Here are highlights and key insights into our latest Index of Consumer Confidence release:

The Index of Consumer Confidence decreased by 11.7 points in May to reach 88.1 points (2014 = 100). This is the largest monthly decrease since the pandemic’s onset. Many households continue to feel inflation’s pinch, with optimism over current finances edging lower this month to 12.4 per cent. At the same time, the share of those sharing a pessimistic view of their current finances crept higher to reach 29.1 per cent, a 3.4 percentage points increase from last month.

Similarly, worries about future finances continued to be a pea in consumers’ shoes. Of those surveyed, 25.3 per cent shared a negative outlook on future finances six months from now. This remains well above the 16.3 per cent average witnessed in 2019.

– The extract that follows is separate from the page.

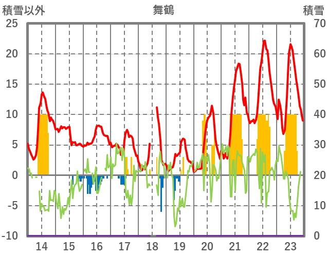 | 日 | 時 | 気温 | 降水 | 風向/風速 | 日照 | 積雪 | 降雪 |

Positive attitudes towards major spending still have a long road to recovery when contrasted with the average sentiment of 31 per cent in 2019. Only 14.8 per cent of survey respondents believed now is a good time to purchase large-ticket items. Higher borrowing costs on the horizon are likely to affect consumers’ willingness to spend on these items, changing future consumption patterns.

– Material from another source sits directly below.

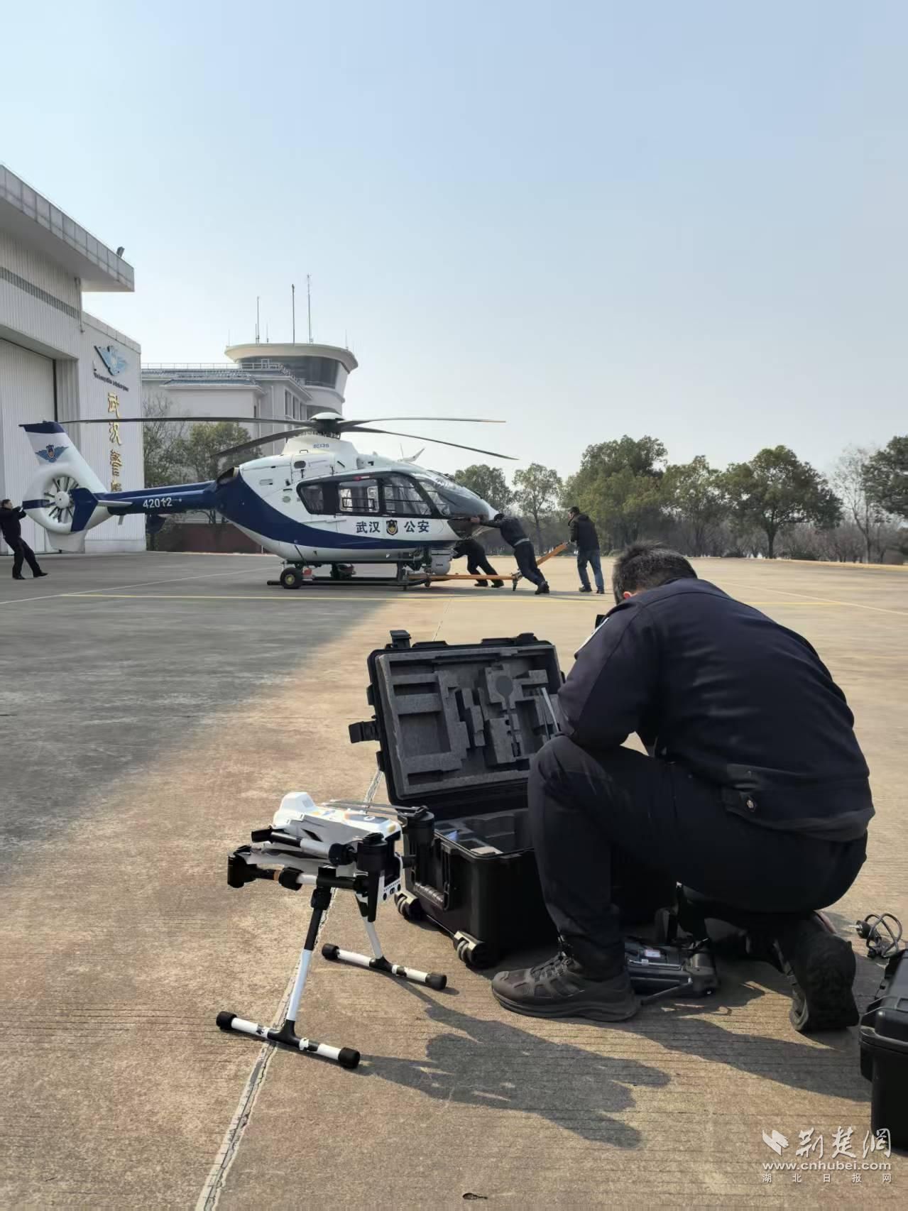1月24日,在武汉特警北部基地,一架EC135直升机被缓缓牵引出机库。机长李斯登上直升机,开启通电前检查,对飞机进行“热身”维护,确保它处于适航状态。

Employment in April made minimal gains, with total employment rising by 15,000, signifying that the Canadian Economy is at full employment. Overall, Canadians are still confident that more job opportunities will surface in the next six months, albeit less certain than the previous month. Canadians’ share of optimistic views on future job prospects is at 21.4 per cent—3.5 percentage points lower than last month.

Key Insights

With inflation at 6.8 per cent, the highest since January 1991, affordability remains a key concern for consumers. In addition, the re-opening of the hard-hit hospitality sector will likely exacerbate the current inflation fire with increased travel numbers. This is excellent news for businesses that were hit hard during the pandemic but makes sharper price growth within this sector highly likely, especially when coupled with a strong labour market, higher commodity prices, and supply chain disruptions. This will unquestionably affect consumer behaviour and spending patterns as we move into the summer months.

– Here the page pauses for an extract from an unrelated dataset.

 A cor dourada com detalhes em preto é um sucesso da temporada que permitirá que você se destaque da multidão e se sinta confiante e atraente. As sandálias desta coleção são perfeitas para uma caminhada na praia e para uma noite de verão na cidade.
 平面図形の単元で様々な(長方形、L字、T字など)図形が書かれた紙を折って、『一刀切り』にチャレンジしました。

The Russian invasion of Ukraine has left food prices soaring. The recent period of higher food prices has occurred because both countries are major wheat exporters. Additionally, higher prices for inputs such as fertilizer and natural gas have continued to increase production costs for farmers who have passed some of these costs on to consumers, leaving consumers with less bang for their buck.

What’s more, the Bank of Canada has signaled that higher interest rates are coming. Last month the Bank raised its interest rate by 0.5 percentage points and has signaled that another 0.5 percentage points increase is likely in June. That would culminate in the overnight rate being 1.50 per cent, raising the rate rapidly closer to the highest it’s been over the past decade (1.75 per cent rate in March 2020). As monetary tightening happens, we expect demand to cool and pressure on price growth to ease off. This is not a quick fix solution and will take time but should offer consumers some reprieve in the months ahead. However, this is a double-edged sword. With the ratio of credit market debt to disposable income currently at all-time highs, higher interest rates will put pressure on the finances of the many Canadians who have increased their borrowing during the past two years. This will leave less room for discretionary spending as more income is channeled into interest payments.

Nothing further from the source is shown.